Lily pressed her lips together.
"So much has been taken from you. So much you were denied. Things that should never have been withheld. Magic you should have been taught years ago. Skills you must have. Albus agrees, of course—he's already prepared the first-phase curriculum."
Harry felt his stomach drop.
"Dumbledore's… training me?"
"Of course he is," Lily said, brushing a stray hair behind her ear. "He should have been doing so from the beginning."
She hesitated.
Then, softly:
"And if he had… maybe you wouldn't have been hurt so many times."
Harry looked away.
The room suddenly felt very small.
Very heavy.
Lily continued, pacing slightly:
"We're going to fix it, Harry. Everything Petunia tried to break in you will be rebuilt. You'll eat properly. You'll grow stronger. You'll exceed every expectation. You'll be safe. You'll be ready."
Ready for him.
She didn't say Voldemort's name, nor Cassius's.
She didn't have to.
Harry felt the prophecy press against the inside of his skull like a migraine.
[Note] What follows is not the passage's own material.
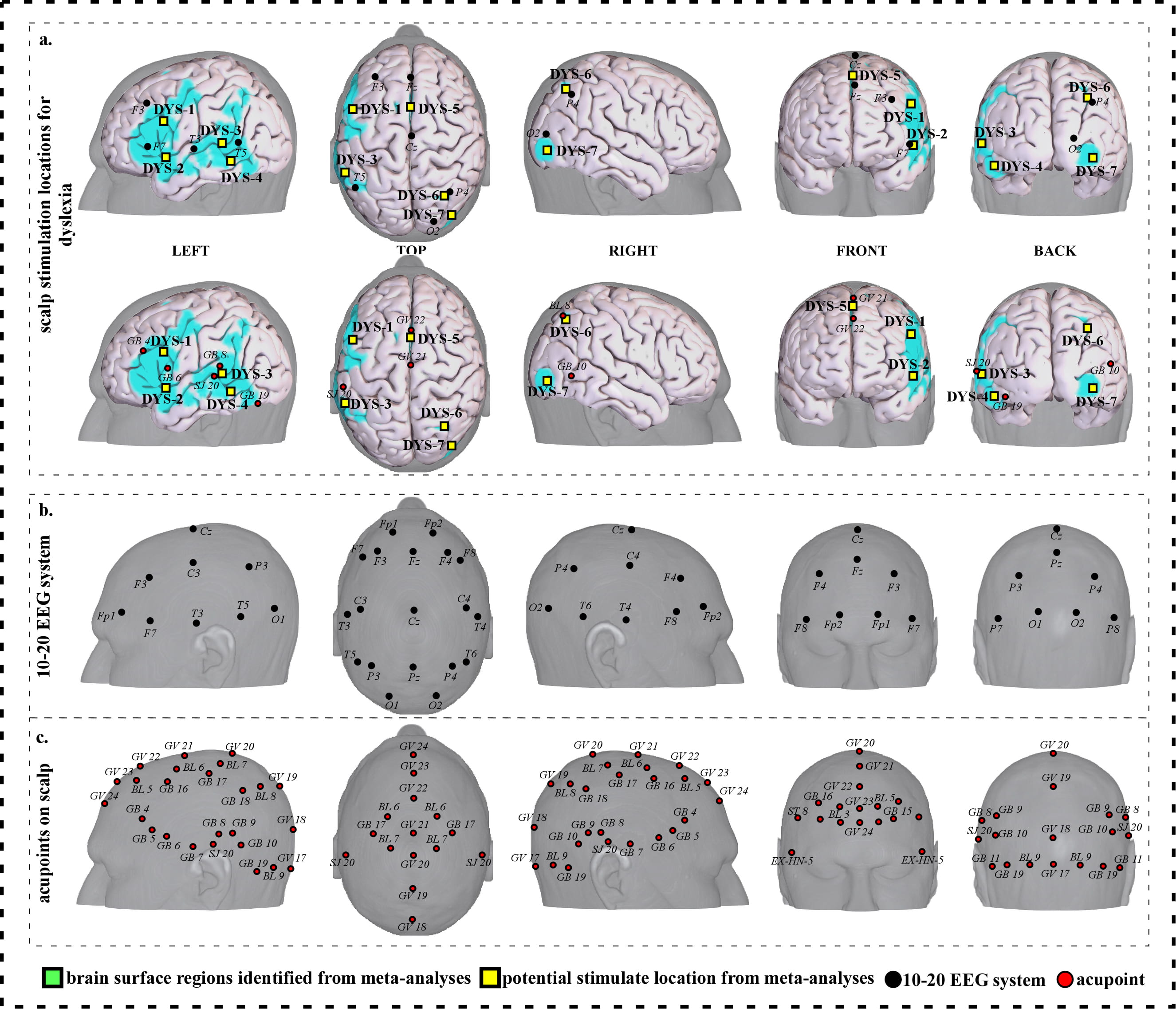 Neuroimaging-based scalp stimulation protocols for dyslexia. (a) Scalp stimulation locations for dyslexia. Upper and lower panels of a to g. applied the 10–20 EEG system, and international acupoints, respectively, to facilitate identifying the locations. (b) 10–20 EEG system locations. (c) Acupoint locations. Abbreviations: AD, Alzheimer’s disease; GV 17, Naohu; GV 18, Qiangjian; GV 19, Houding; GV 20, Baihui; GV 21, Qianding; GV 22, Xinhui; GV 23, Shangxing; GV 24, Shenting; GB 4, Hanyan; GB 5, Xuanlu; GB 6, Xuanli; GB 7, Qubin; GB 8, Shuaigu; GB 9, Tianchong; GB 10, Fubai; GB 11, Touqiaoyin; GB 15, Toulinqi; GB 16, Muchuang; GB 17, Zhengying; GB 18, Chengling; GB 19, Naokong; BL 5, Wuchu; BL 6, Chengguang; BL 7, Tongtian; BL 8, Luoque; BL 9, Yuzhen; SJ 20, Jiaosun; ST 8, Touwei; EX-HN-5, Taiyang.

"Tomorrow morning," Lily said, "your training begins. Occlumency basics. Magical theory reinforcement. Conditioning. Spell repetition until it's muscle memory. Albus thinks you have tremendous potential—untapped potential. Once sharpened, once guided, Harry, you'll—"
"Become a weapon?" Harry whispered.
Lily froze.
The silence was deafening.
"Harry," she said, coming to sit beside him, voice trembling, "I'm doing this for you. To keep you alive."
"I know," he said.
And he did.
And somehow, that made it harder.
~
When Lily finally left the room, Harry stared at the stack of books.
Advanced Defensive Spellcraft
Occlumency for Beginners
Applied Magical Reflexes
Tactical Dueling Frameworks
The Nature of Magical Will
His hand hovered over them—
—but then he pulled it back.
He lay down again.
Staring up at the ceiling.
His life had gotten better, he'd gotten everything he could wish for.
A mother who loved him, a teacher recognized as the strongest in the world mentoring him.
But even still after two years of school a part of himself that had been developing persisted.
His friendship with Ronald Weasley had made Harry lazy.
Study for hours on end... why?
He wasnt a Ravenclaw afterall.
It would be better if it was just endless dueling practice with Dumbledore!
That's how a secret Griffindor like him should train, to hell with Slytherin.
In his heart he felt the hat had sorted him wrong, he should be a griffindor like his parents, so he could be with his only friend, and escape the prejudice of the other students and even head of house.